- Opening Delimiter -

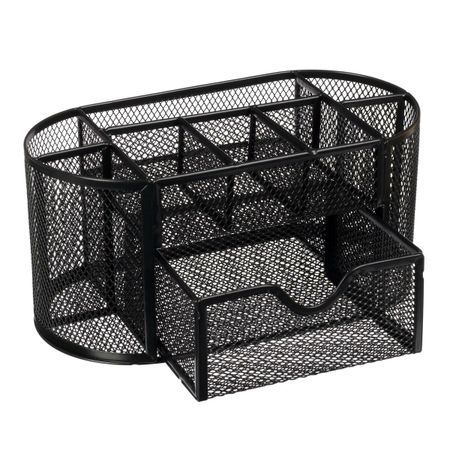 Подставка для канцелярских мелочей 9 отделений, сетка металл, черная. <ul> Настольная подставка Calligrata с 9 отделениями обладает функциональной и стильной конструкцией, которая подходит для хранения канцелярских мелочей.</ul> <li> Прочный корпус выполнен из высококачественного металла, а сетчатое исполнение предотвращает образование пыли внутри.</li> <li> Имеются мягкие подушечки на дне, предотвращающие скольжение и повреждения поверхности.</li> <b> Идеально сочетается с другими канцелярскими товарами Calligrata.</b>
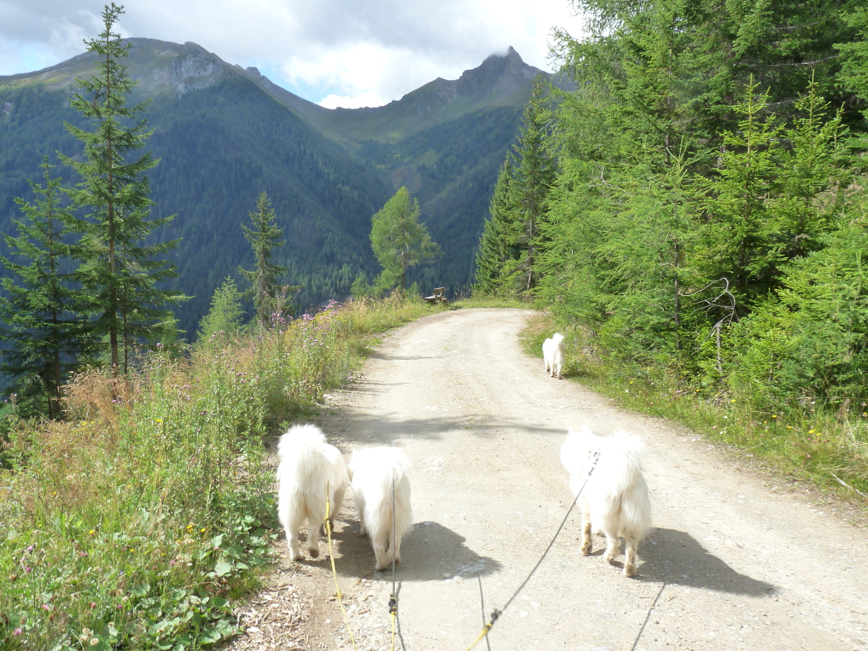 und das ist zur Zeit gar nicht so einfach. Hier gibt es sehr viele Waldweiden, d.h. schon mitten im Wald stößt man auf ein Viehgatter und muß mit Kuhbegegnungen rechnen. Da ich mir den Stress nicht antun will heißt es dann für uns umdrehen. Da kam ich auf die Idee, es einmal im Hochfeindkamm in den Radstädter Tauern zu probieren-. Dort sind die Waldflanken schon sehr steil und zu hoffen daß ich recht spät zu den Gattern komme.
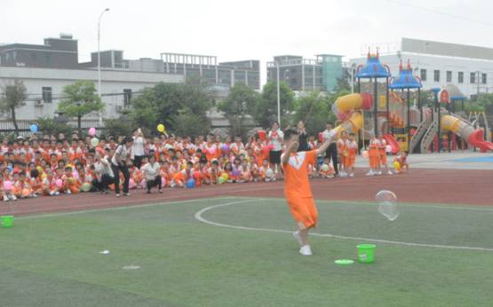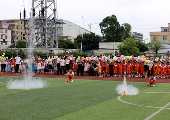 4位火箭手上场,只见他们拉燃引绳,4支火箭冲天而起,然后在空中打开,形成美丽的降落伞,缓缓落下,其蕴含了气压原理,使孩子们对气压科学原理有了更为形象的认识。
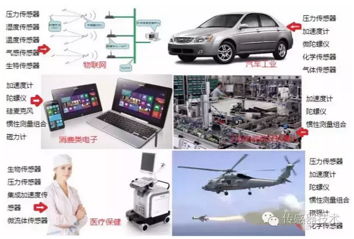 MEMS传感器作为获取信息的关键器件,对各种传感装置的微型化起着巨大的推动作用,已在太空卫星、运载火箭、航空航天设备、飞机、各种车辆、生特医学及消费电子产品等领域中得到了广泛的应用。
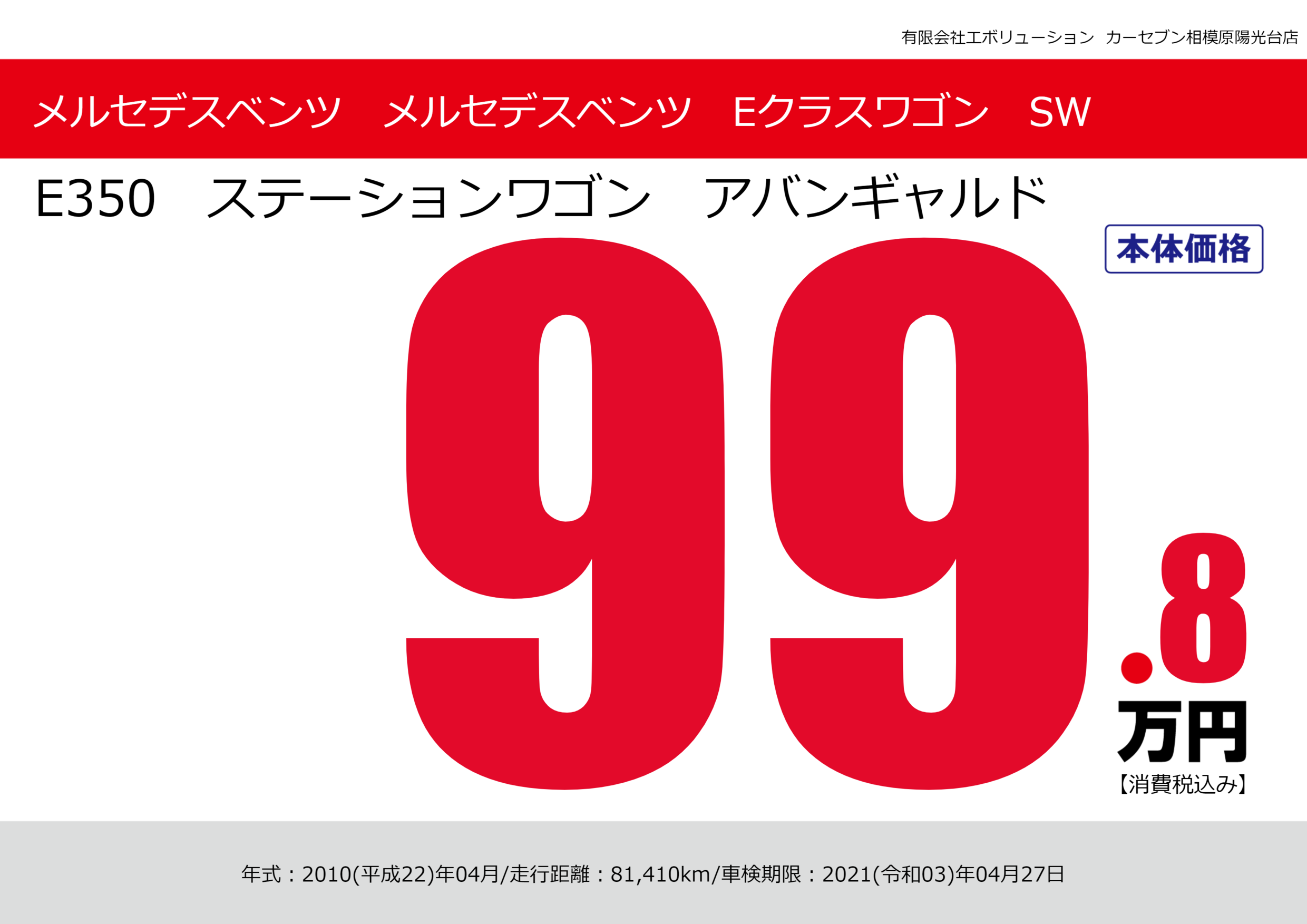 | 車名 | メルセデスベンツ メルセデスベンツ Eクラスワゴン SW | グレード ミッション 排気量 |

- Closing Delimiter -

Task objective - Reproduce, exactly and without pictures, the lines above from the one containing "MEMS传感器作为获取信息的" through the last line of the material, both ends included, and nothing more.

Output below -
 MEMS传感器作为获取信息的关键器件,对各种传感装置的微型化起着巨大的推动作用,已在太空卫星、运载火箭、航空航天设备、飞机、各种车辆、生特医学及消费电子产品等领域中得到了广泛的应用。
 | 車名 | メルセデスベンツ メルセデスベンツ Eクラスワゴン SW | グレード ミッション 排気量 |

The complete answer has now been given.